**EXERCISE:** Once you reach the line with "Абсолютная новинка в" below, copy each line exactly, stopping after the line with "Belo gráfico floral", and skip any pictures.

**GIVEN RECORDS:**
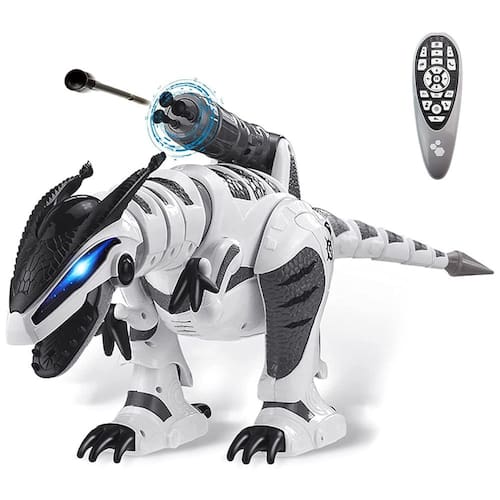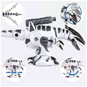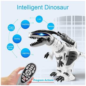 Multi função O brinquedo de dinossauro interativo inteligente T REX com recurso programável e sensor de toque, pode andar, cantar, dançar, rugir e balançar a cauda e a cabeça. É como um animal de estimação eletrônico trará diversão sem fim para seus filhos. Controle de toque Toque na testa do seu dinossauro RC para interagir com ele, ele balançará a cabeça, abanando o rabo e fará som ou use o controle remoto para dar comandos ao seu brinquedo de dinossauro robô. Fácil de jogar para crianças de 3 anos ou mais. Modo de luta de dinossauro Pressione o modo de luta no controle remoto e seu robô de dinossauro tiranossauro se preparará para a batalha. Ele fará um som realista, flash de luz e atirará dardos de suas costas. Além disso, as teclas de controle de volume estão disponíveis, volume ajustável de 5 alavancas, muito conveniente. Ação de programação A função de programação ajudará seu filho a domar o dinossauro t rex. O RC Dino Toy com função de programação. Depois de entrar na programação, ele executará as ações conforme você programou uma a uma ao pressionar a tecla funcional. Grandes presentes do festival para crianças O dinossauro robô RC com tamanho grande 63 x 30 x . Faça deslizar e andar Marca: Não Informado
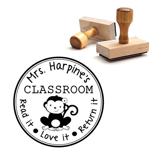 -. Title : Black Ink, Custom Self Inking Stamp, Teacher From the Classroom Of Library, Girl Monkey Read it Love It Return It Personalized Round 3 Lines Customized Personal
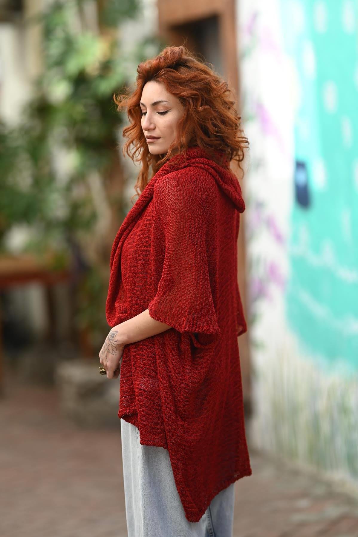 Red Mercerized Hoodie Cardigan
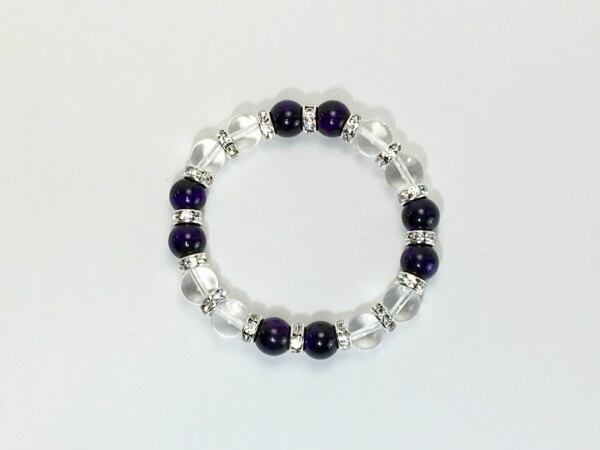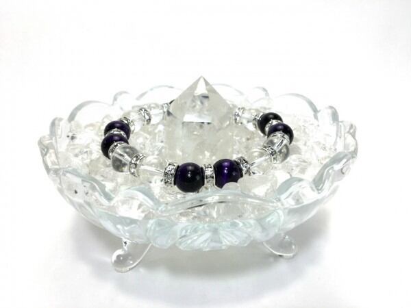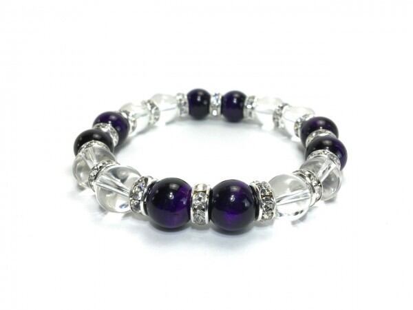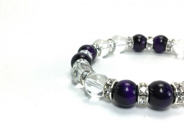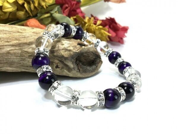 こちらは、パープルタイガーアイと水晶を組み合わせたブレスレットです。間にはロンデルを挟み高級感あるデザインに仕上がっています。石大きさは腕にも馴染みやすいように10mm玉で内周約16cm(伸可能)です。数に限りがございますので気になる方はお早めにどうぞ。
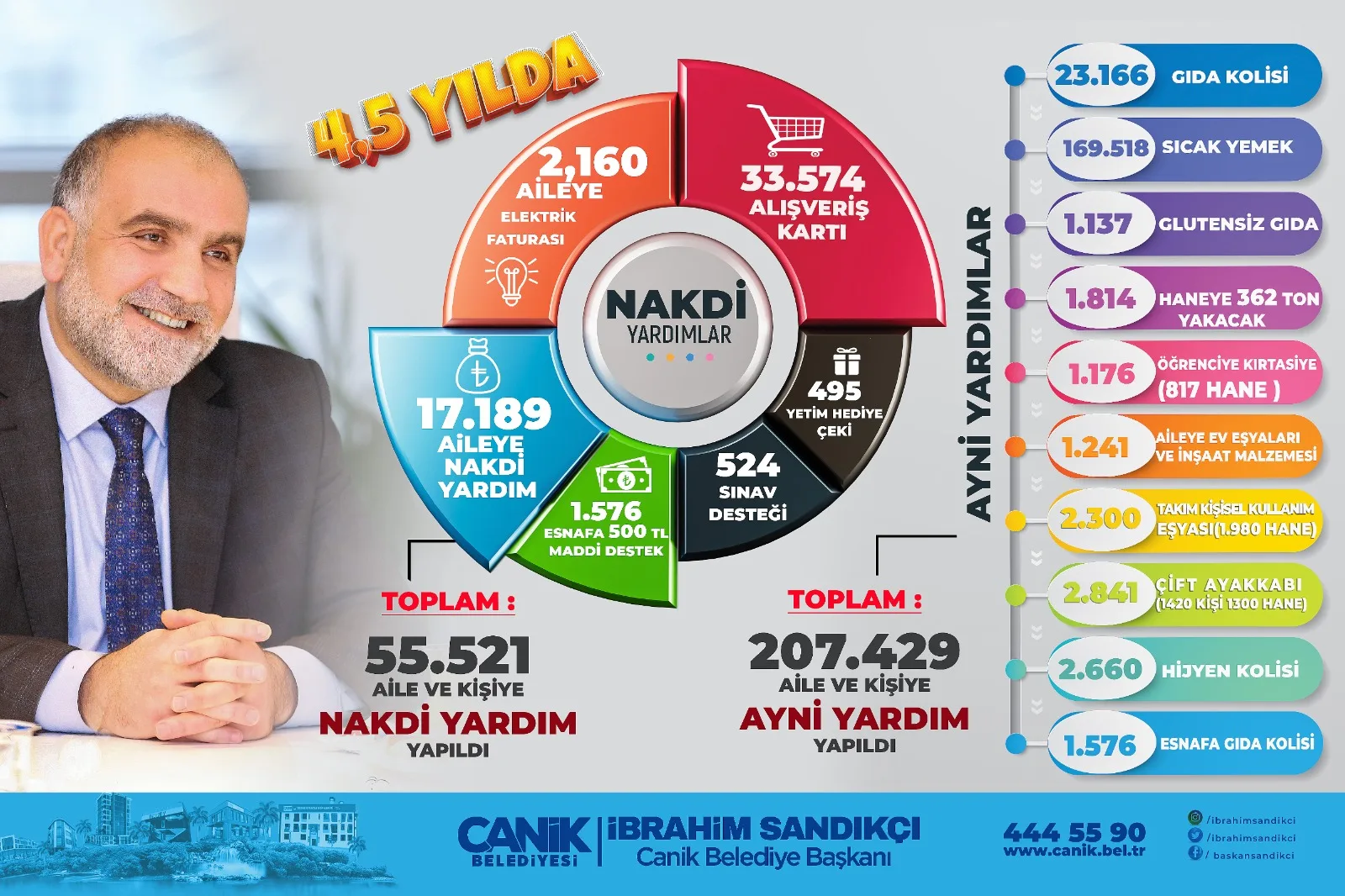4.5 yıl içerisinde ayni yardımlarla birlikte nakdi yardımların da kesintisiz bir şekilde devam ettiğine işaret eden Başkan İbrahim Sandıkçı, “ Canik’imizde 4.5 yıl içerisinde ayni yardımlarımızla birlikte nakdi yardımlarımızı ara vermeden sürdürdük. 4.5 yılda ihtiyaç sahibi
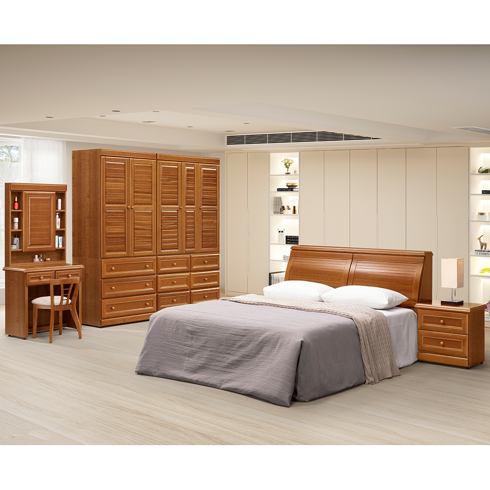 床頭櫃設計:溫潤的暖琥珀胡桃木色,漆面呈現如蜂蜜般細膩飽滿的光澤。抽屜面板採用立體浮雕框線勾勒出精緻的層次感,搭配造型圓潤的木質手把,在方正穩重中透出一絲柔和,呈現復古且歷久彌新的視覺感受。
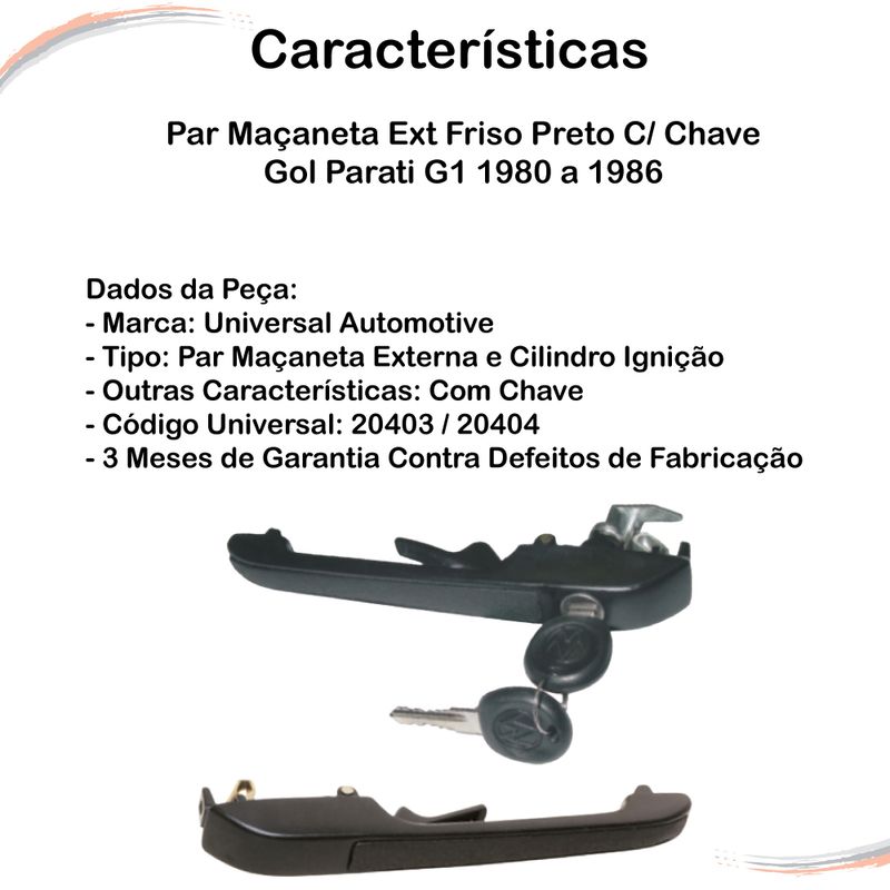 Par Maçaneta Externas - Com Friso Preto - Encaixe S - Gol e Parati G1 1980 a 1986
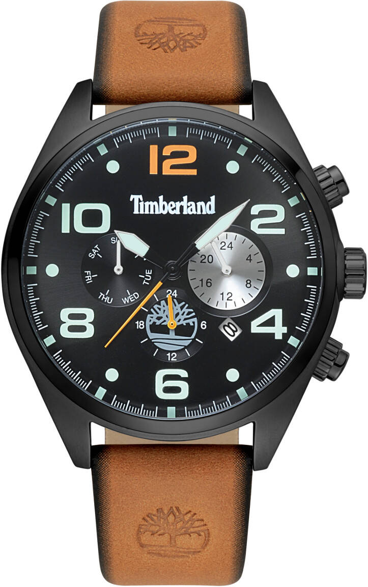 Timberland Whitman TBL.15477JSB/02 erottuu ranteestasi kauas, ja sen maine kantaa vieläkin kauemmas. Kirkkaasti luminoituvat viisarit ja indeksit ovat kookkaassa kellotaulussa kerrassaan komea näky. Kellon runko on halkaisijaltaan 46 mm ja valmistettu PVD-pinnoitetusta teräksestä. 22 mm ranneke puolestaan on aitoa nahkaa. Viisareita tässä multifunction-mallissa liikuttaa luotettava japanilainen Miyota-koneisto. Kellotaulusta voitkin lukea 12 h ajan lisäksi myös 24 h ajan, viikonpäivän sekä päivämäärän.
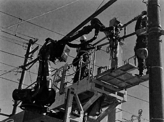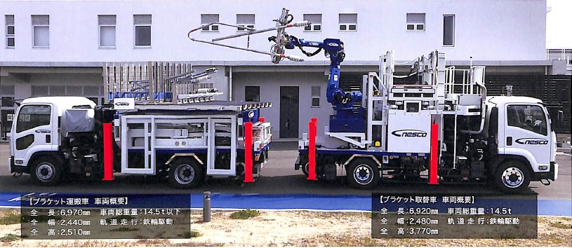 上記写真の様にブラケット取替車と運搬車が対になって運用され、載線し現場まで走行した後、運搬車の荷台に積まれたブラケットを取替車のロボットアームで掴み、架線柱まで移動させる作業を自動化している。
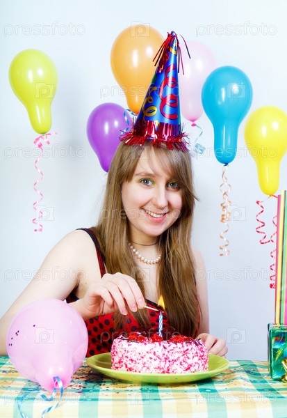 День рождения. Счастливая девушка зажигает свечу на торте
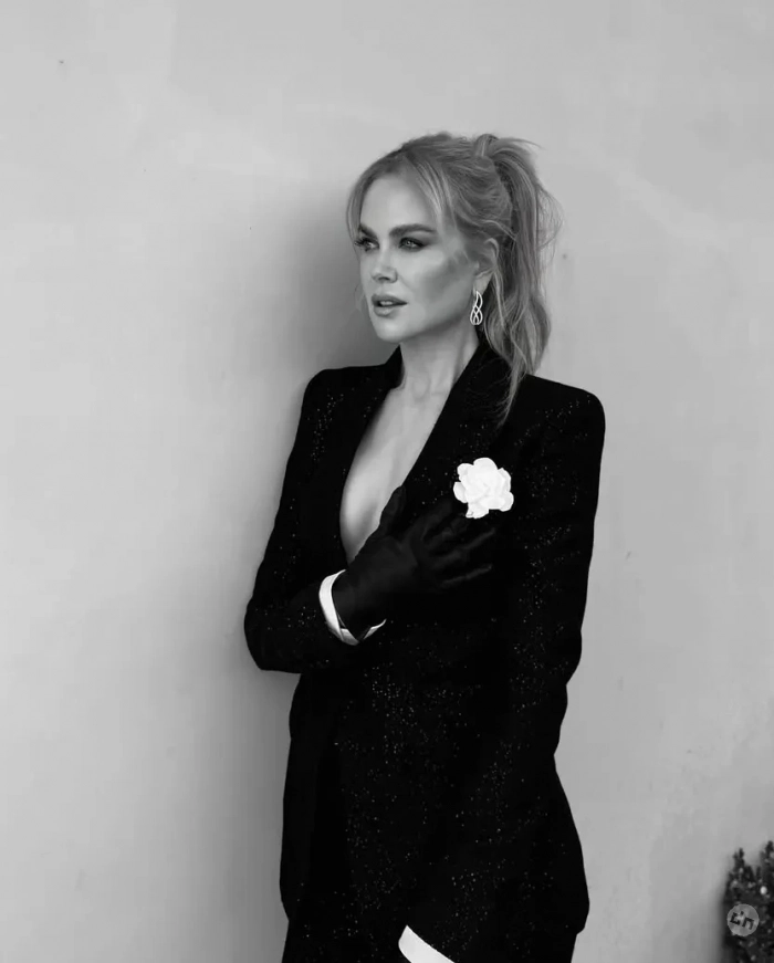 Николь Кидман посетила премьеру второго сезона сериала "Девять совсем незнакомых людей" в Беверли-Хиллз. На дорожку 57-летняя актриса вышла в чёрном жакете Tom Ford, надетом на голое тело, и брюках, дополнив образ перчатками в тон и причёской с высоким хвостом.
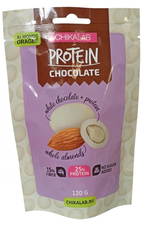 Абсолютная новинка в мире полезных перекусов - цельный миндаль, покрытый слоем протеина и обернутый в нежный белый шоколад.
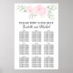 Belo gráfico floral rosa pincelado para um casamento. Duas grandes rosas cor-de-rosa escamoteadas parecem belas contra folhas verdes sádias. Por favor, ache que seu lugar está escrito em caracteres simples e elegantes. Os nomes da noiva e noiva estão escritos abaixo em uma letra de escrita romântica. É muito fácil editar essas listas e as listas de mesas abaixo.
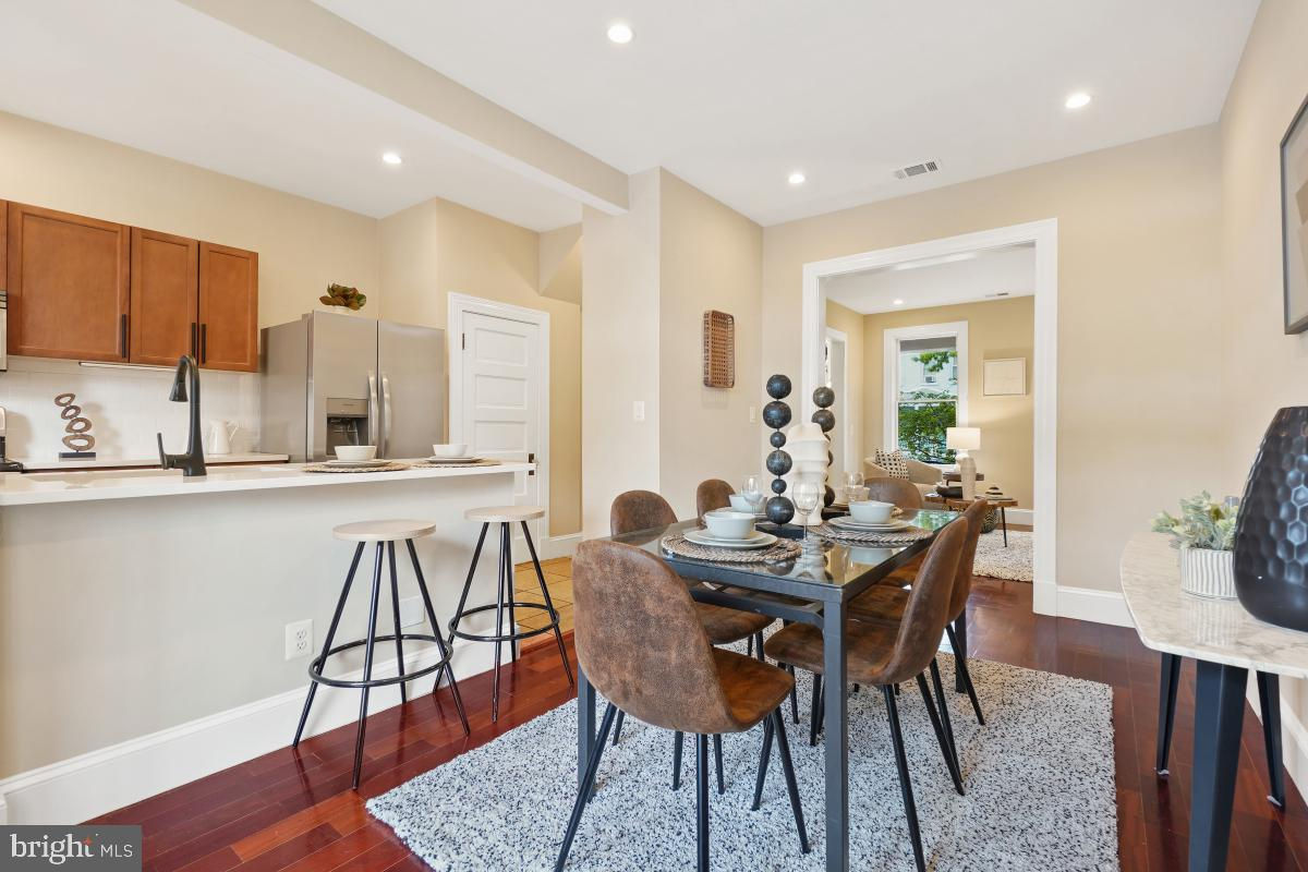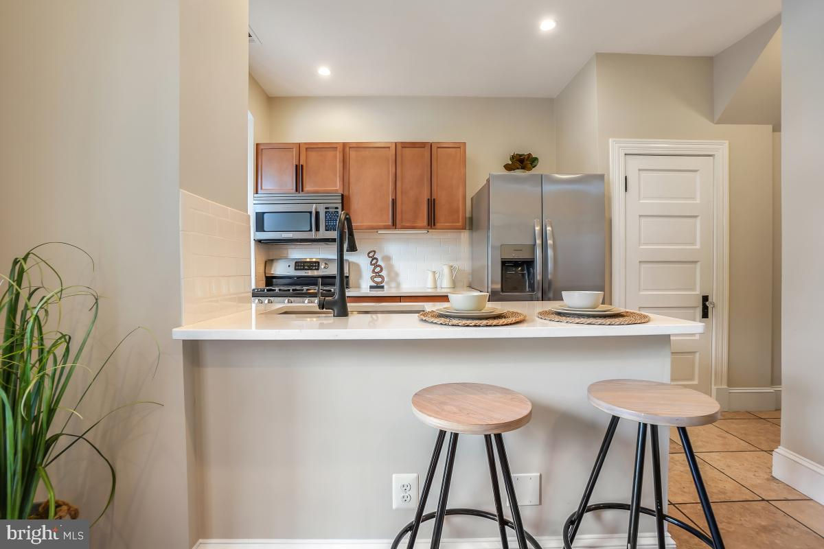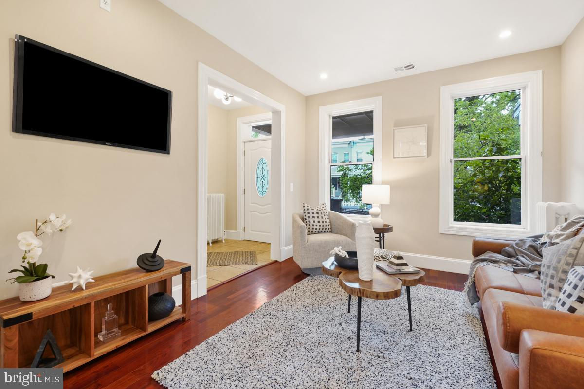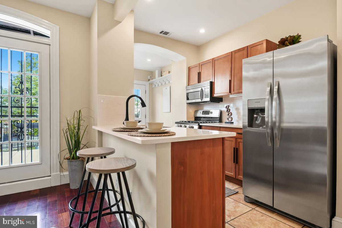 Inspired renovation in this 1915 porch-front in Park View. Urban and tasteful -- thoughtful design. Cook's kitchen with new large white quartz breakfast bar, white subway tile, stainless appliances, sweeps of counter space, open and fresh. Dining room with French doors overlooking large south-facing terrace - great for dining, sunning, reading and enjoying your flowers and herbs! Spacious living room - high ceilings, bright! Three bedrooms, two full baths up. WONDERFULLY INVITING lower level family room with good ceiling height, gas fireplace, and full bath. So many outdoor spaces - a delightful terrace, two balconies off two of the bedrooms, and a front porch! GARAGE. Short walk to top rated wine bar, St Vincent, Doubles coffee shop, and just down the block from Aurora Market, a corner market featuring a coffee bar and sandwich shop! LOADS OF UPDATES: New A/C - 2022 New refrigerator - 2023 Dishwasher - 2021 Basement vinyl planking floors - 2019 Relined furnace and water heater chimney flue - 2019 Roof - 2014 Upstairs windows - 2012 Thermostat upgrade - 2021 Garbage disposal - 2020
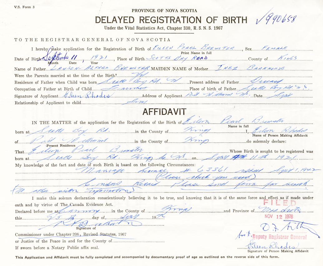 Signature of Applicant Eileen Rhodes Address of Applicant Port Williams Date September 1976

**FINISHED EXERCISE:**
 Абсолютная новинка в мире полезных перекусов - цельный миндаль, покрытый слоем протеина и обернутый в нежный белый шоколад.
 Belo gráfico floral rosa pincelado para um casamento. Duas grandes rosas cor-de-rosa escamoteadas parecem belas contra folhas verdes sádias. Por favor, ache que seu lugar está escrito em caracteres simples e elegantes. Os nomes da noiva e noiva estão escritos abaixo em uma letra de escrita romântica. É muito fácil editar essas listas e as listas de mesas abaixo.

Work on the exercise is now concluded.